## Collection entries
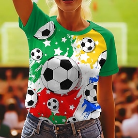 Dámské Tričko Tisk Grafika Fotbalový tým stylové Klasické Na běžné nošení Krátký rukáv Do V Běžné topy Denní Vodní modrá Černá Bílá Rubínově červená Trávová zelená Léto Jaro
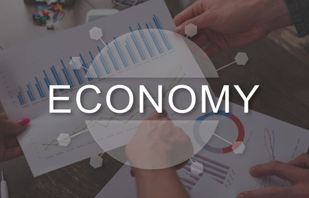 Picture of a person taking out money from his wallet. ECONOMY with an upward pointing arrow is written in background. Picture is depicting economic growth.
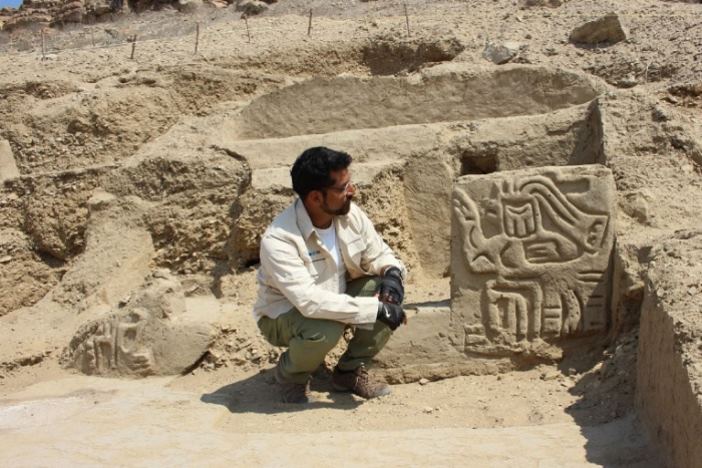 La estructura parece haber sido diseñada como un teatro, explica Muro, con una plataforma en forma de escenario y una escalera que conduce a lo que probablemente era una plaza abierta. A ambos lados de la escalera, el equipo encontró relieves tallados que representan una criatura con cuerpo humano, cabeza de pájaro y extremidades de reptil. “Esta criatura híbrida en la fachada del templo parece ser un predecesor de figuras en la iconografía de Chavín”, dice Muro. “A pesar de que estos dos pueblos están muy distantes cronológicamente, las imágenes parecen ser una expresión de una misma religión”.
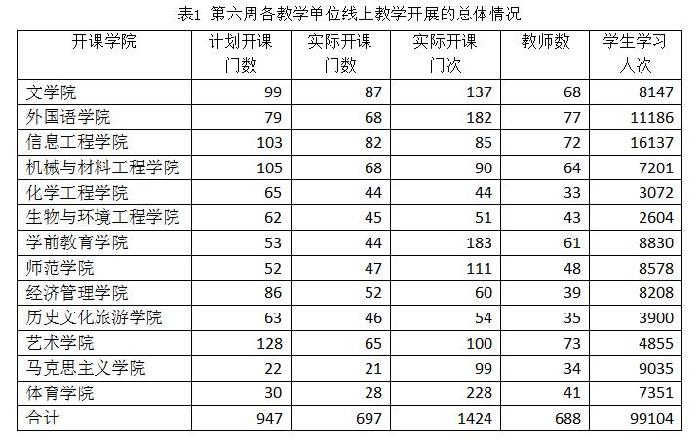 本学期全校教学计划安排947门课程,截止4月3日已开展线上教学的课程有697门,占全部课程的73.6%;尚未开始线上教学的课程有250门,占全部课程的26.4%,均是目前不具备开展线上教学条件的课程(实验实训类课程、集中性实践教学环节、暂时不具备开课条件的少量理论课程)。线上授课以来,共有688名教师开设线上课堂1424个。目前第六周各教学单位线上教学开展的总体情况如表1所示。
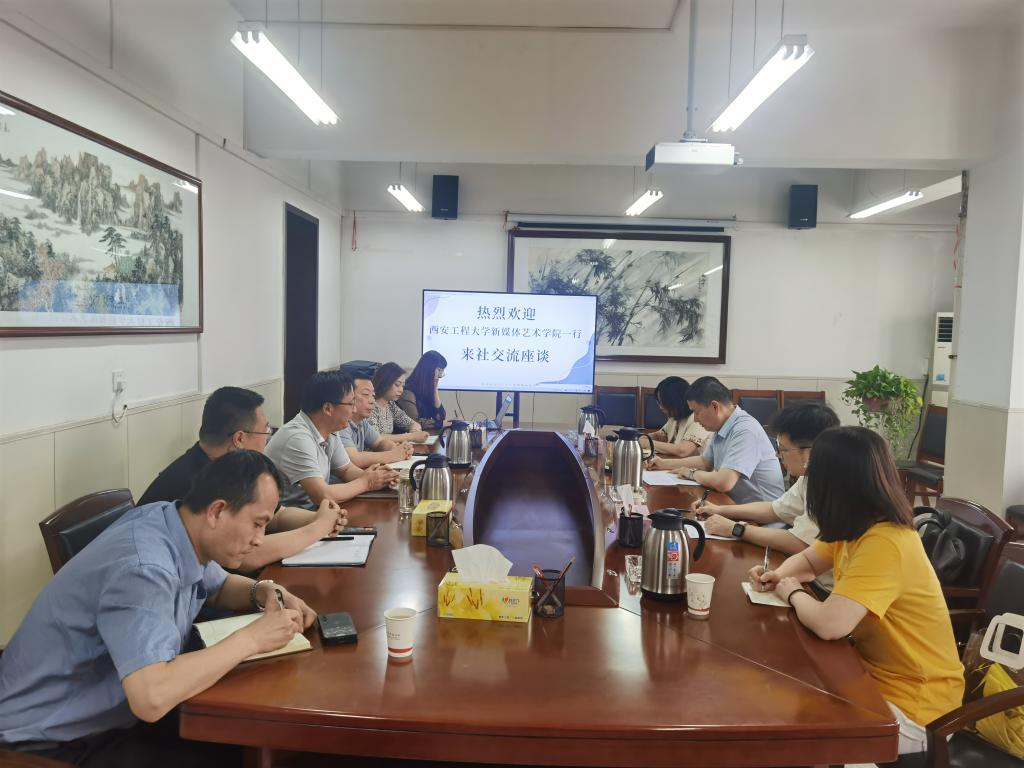 搜书吧 到访受到了陕西教育报刊社总编辑郭鹏,副总经理毋晓丹,总编办主任杨希,广告部主任闫少强,副主任史敬忠、徐绒绒等人的热情接待。座谈会上,郭鹏详细介绍了公司经营发展总体情况,毋总就公司在国内的发展情况及同行业的发展情况进行了详细介绍,随后,张瑾书记具体介绍了搜书吧 的学科建设情况、办学特色、专业设置以及数字化文化产业发展情况,高翔副书记介绍了学院本科生及研究生的培养情况及学生的专业能力,朱海涛老师及张瑾老师(女)分别介绍了研究生及本科生的具体情况。最后,结合公司目前的具体业务,郭总还介绍了陕西教育报刊社近期对主播、拍摄、剪辑等专业人才需求的情况,希望通过校企合作平台,搜书吧 能有更多的毕业生来企业实习、发展。
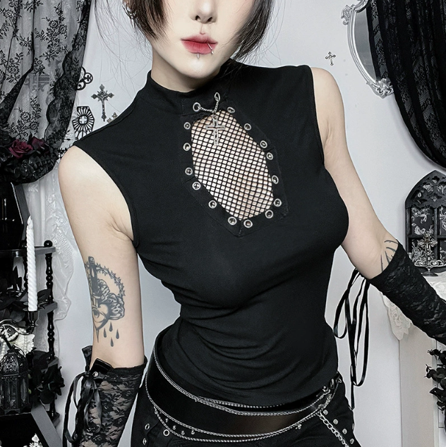 Dark-themed coffin-patterned fishnet top, 2026 new gothic style slim-fit sexy hot girl versatile vest.
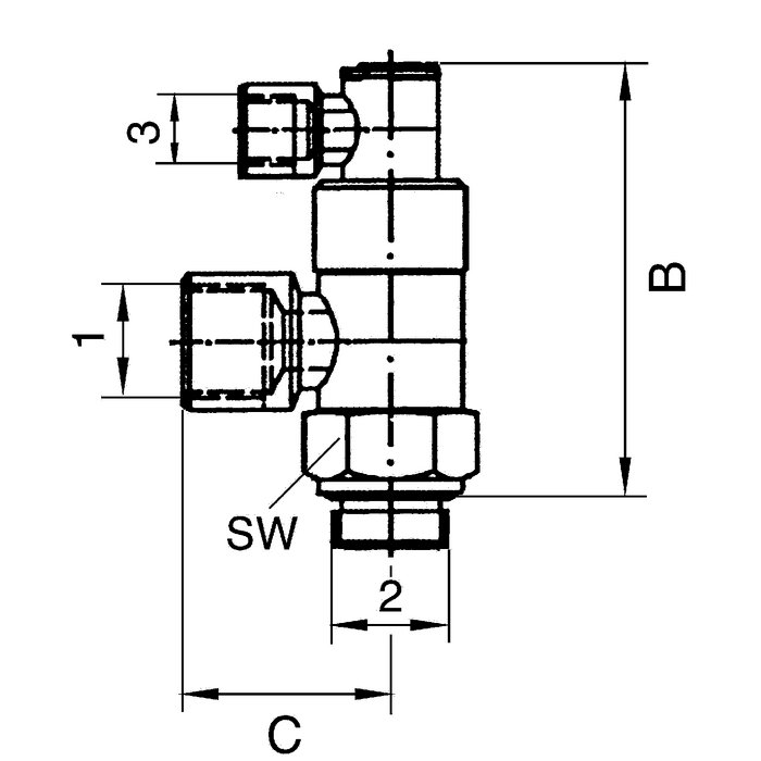 | Наименование | Port 1 | Port 2 | Соединение 3 | B mm |
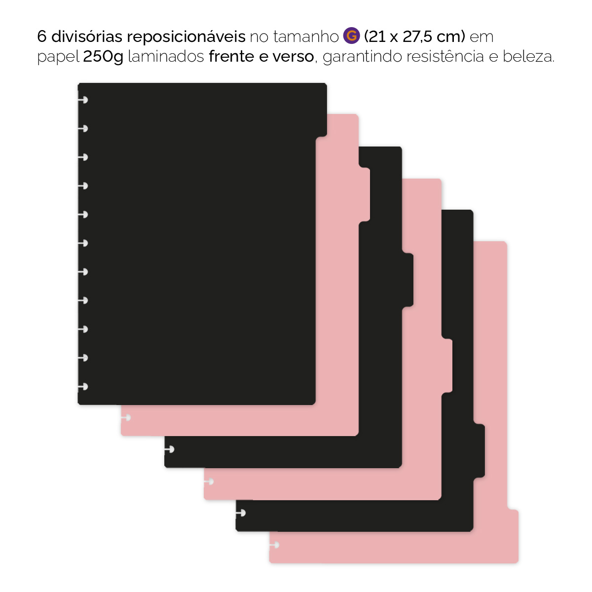 A embalagem contém 6 divisórias no tamanho “G” (21 x 27,5 cm) que podem ser colocadas em qualquer local do caderno. Elas são impressas com tecnologia digital de alta qualidade em papel couché 250 g, com laminação frente e verso, o que as torna mais protegidas e resistentes.
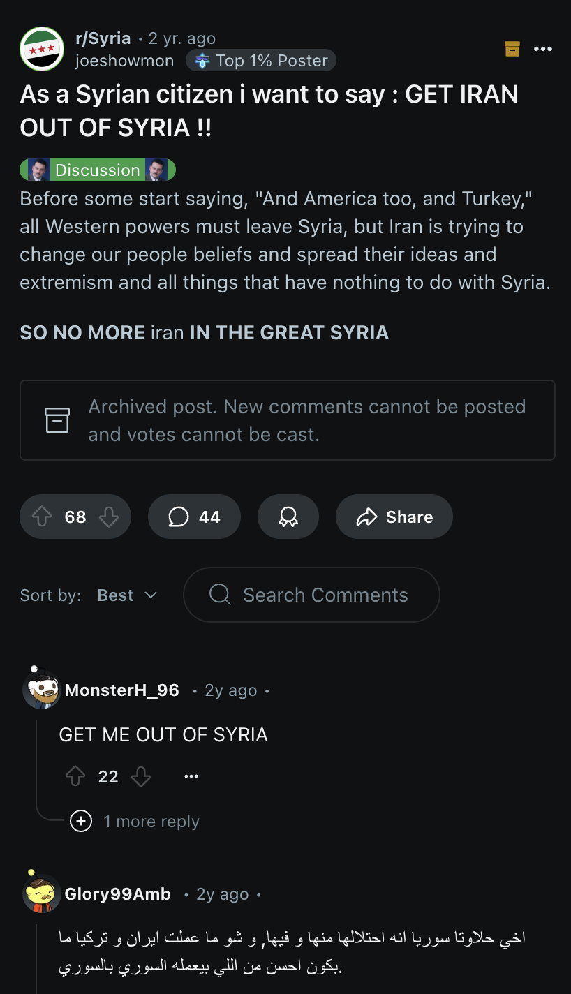 Assad kicked out the Iranians (and to some extent kept Hezbollah at arm’s length) because his army of street sluts felt uncomfortable with Shiite religious men in the country. This is literally true, not some kind of exaggeration for effect.
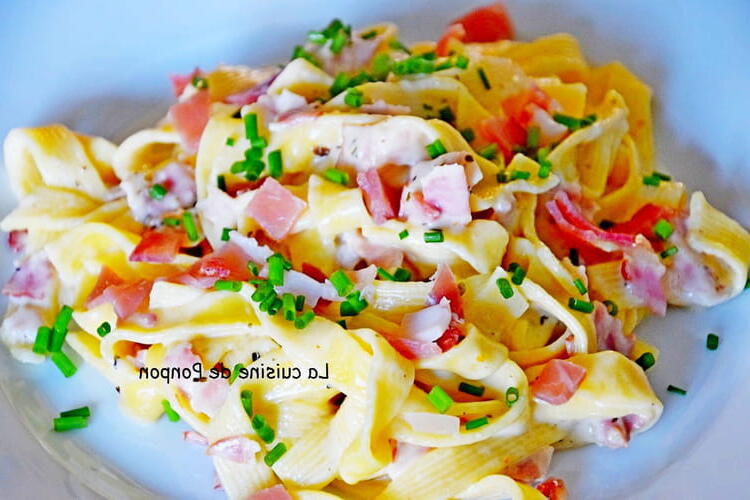 Recipe for Tagliatelle with cured ham, mozzarella sauce.
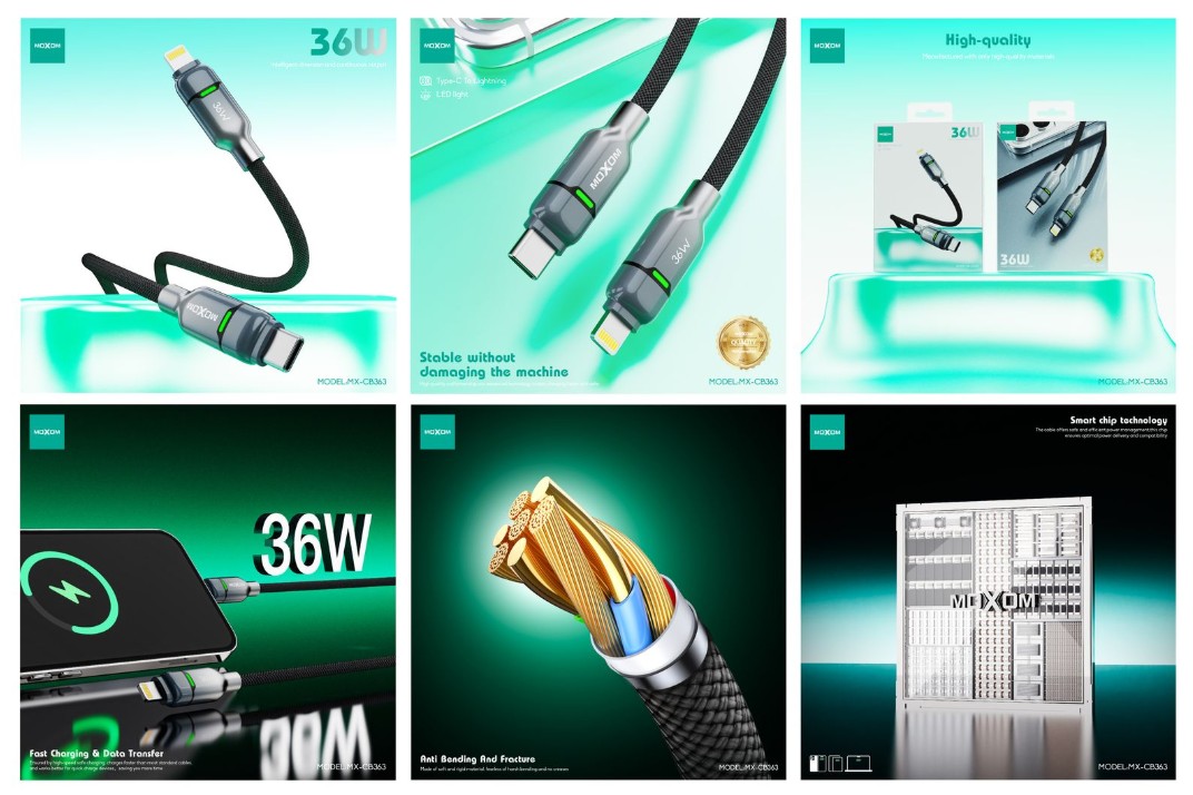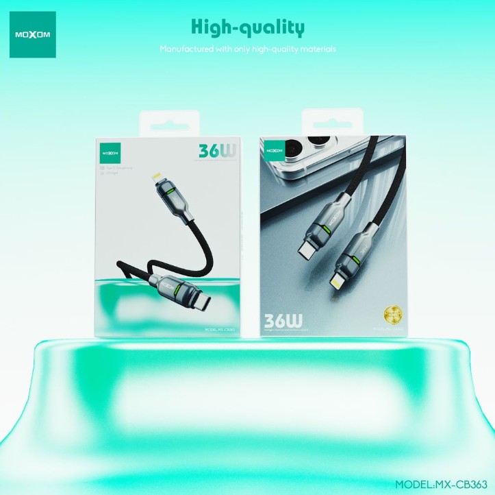 The MOXOM MX-CB363 delivers 36W fast charging for Apple devices with a Lightning port. Designed with Power Delivery support and reinforced build quality, this Type-C to Lightning cable efficiently powers iPhones and iPads while offering reliable data sync. Its smart design ensures long-lasting durability and daily convenience.
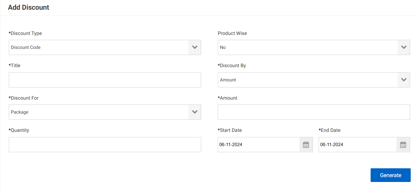 - A page will open, asking you for details such as discount type, title, and more.
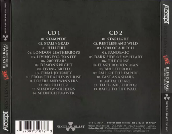 | Titolo | Restless And Live (Blind Rage - Live In Europe 2015) DIGI |
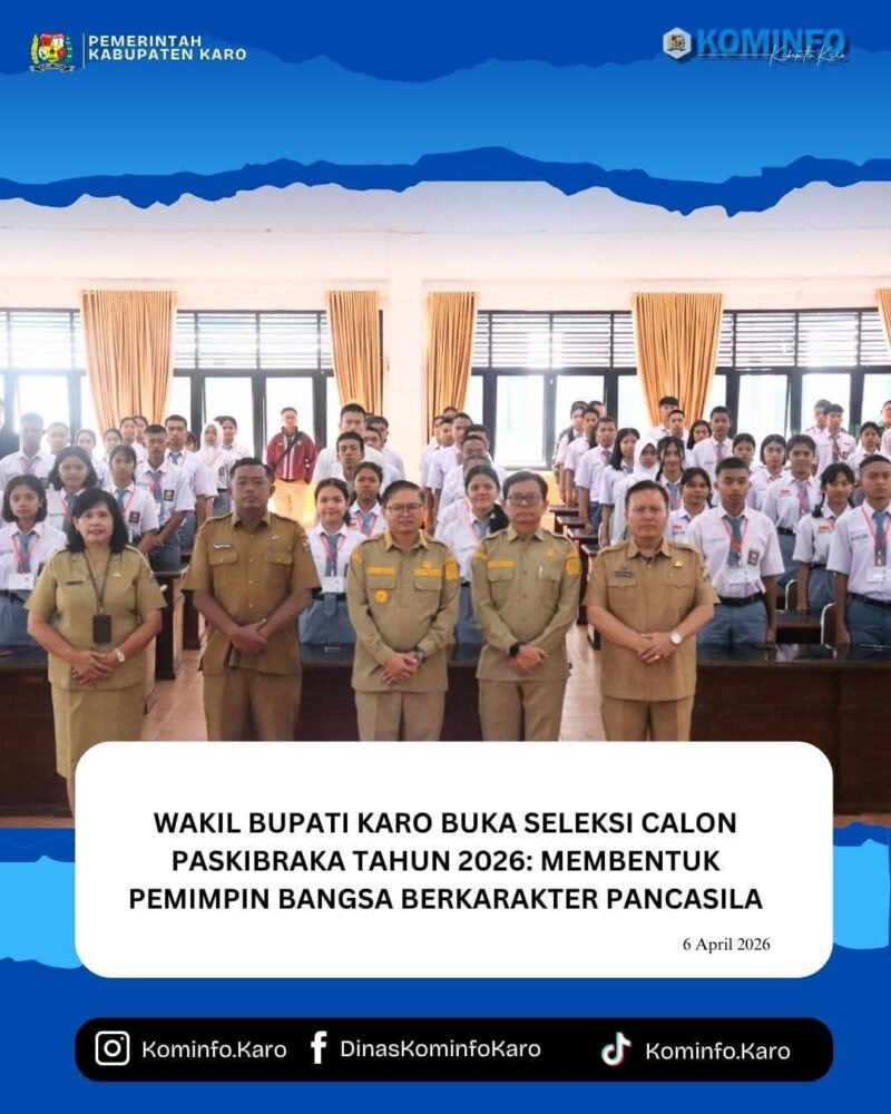 KABANJAHE – Bupati Karo, Brigjen Pol (Purn) Dr. dr. Antonius Ginting, Sp.OG., M.Kes, yang diwakili oleh Wakil Bupati Karo, Komando Tarigan, SP, secara resmi membuka kegiatan Seleksi Calon Pasukan Pengibar Bendera Pusaka (Paskibraka) Kabupaten Karo Tahun 2026.

## BRIEF
An exact copy of all entries is needed, with no pictures in it.

## RESULT FOR THIS EXERCISE
 Dámské Tričko Tisk Grafika Fotbalový tým stylové Klasické Na běžné nošení Krátký rukáv Do V Běžné topy Denní Vodní modrá Černá Bílá Rubínově červená Trávová zelená Léto Jaro
 Picture of a person taking out money from his wallet. ECONOMY with an upward pointing arrow is written in background. Picture is depicting economic growth.
 La estructura parece haber sido diseñada como un teatro, explica Muro, con una plataforma en forma de escenario y una escalera que conduce a lo que probablemente era una plaza abierta. A ambos lados de la escalera, el equipo encontró relieves tallados que representan una criatura con cuerpo humano, cabeza de pájaro y extremidades de reptil. “Esta criatura híbrida en la fachada del templo parece ser un predecesor de figuras en la iconografía de Chavín”, dice Muro. “A pesar de que estos dos pueblos están muy distantes cronológicamente, las imágenes parecen ser una expresión de una misma religión”.
 本学期全校教学计划安排947门课程,截止4月3日已开展线上教学的课程有697门,占全部课程的73.6%;尚未开始线上教学的课程有250门,占全部课程的26.4%,均是目前不具备开展线上教学条件的课程(实验实训类课程、集中性实践教学环节、暂时不具备开课条件的少量理论课程)。线上授课以来,共有688名教师开设线上课堂1424个。目前第六周各教学单位线上教学开展的总体情况如表1所示。
 搜书吧 到访受到了陕西教育报刊社总编辑郭鹏,副总经理毋晓丹,总编办主任杨希,广告部主任闫少强,副主任史敬忠、徐绒绒等人的热情接待。座谈会上,郭鹏详细介绍了公司经营发展总体情况,毋总就公司在国内的发展情况及同行业的发展情况进行了详细介绍,随后,张瑾书记具体介绍了搜书吧 的学科建设情况、办学特色、专业设置以及数字化文化产业发展情况,高翔副书记介绍了学院本科生及研究生的培养情况及学生的专业能力,朱海涛老师及张瑾老师(女)分别介绍了研究生及本科生的具体情况。最后,结合公司目前的具体业务,郭总还介绍了陕西教育报刊社近期对主播、拍摄、剪辑等专业人才需求的情况,希望通过校企合作平台,搜书吧 能有更多的毕业生来企业实习、发展。
 Dark-themed coffin-patterned fishnet top, 2026 new gothic style slim-fit sexy hot girl versatile vest.
 | Наименование | Port 1 | Port 2 | Соединение 3 | B mm |
 A embalagem contém 6 divisórias no tamanho “G” (21 x 27,5 cm) que podem ser colocadas em qualquer local do caderno. Elas são impressas com tecnologia digital de alta qualidade em papel couché 250 g, com laminação frente e verso, o que as torna mais protegidas e resistentes.
 Assad kicked out the Iranians (and to some extent kept Hezbollah at arm’s length) because his army of street sluts felt uncomfortable with Shiite religious men in the country. This is literally true, not some kind of exaggeration for effect.
 Recipe for Tagliatelle with cured ham, mozzarella sauce.
 The MOXOM MX-CB363 delivers 36W fast charging for Apple devices with a Lightning port. Designed with Power Delivery support and reinforced build quality, this Type-C to Lightning cable efficiently powers iPhones and iPads while offering reliable data sync. Its smart design ensures long-lasting durability and daily convenience.
 - A page will open, asking you for details such as discount type, title, and more.
 | Titolo | Restless And Live (Blind Rage - Live In Europe 2015) DIGI |
 KABANJAHE – Bupati Karo, Brigjen Pol (Purn) Dr. dr. Antonius Ginting, Sp.OG., M.Kes, yang diwakili oleh Wakil Bupati Karo, Komando Tarigan, SP, secara resmi membuka kegiatan Seleksi Calon Pasukan Pengibar Bendera Pusaka (Paskibraka) Kabupaten Karo Tahun 2026.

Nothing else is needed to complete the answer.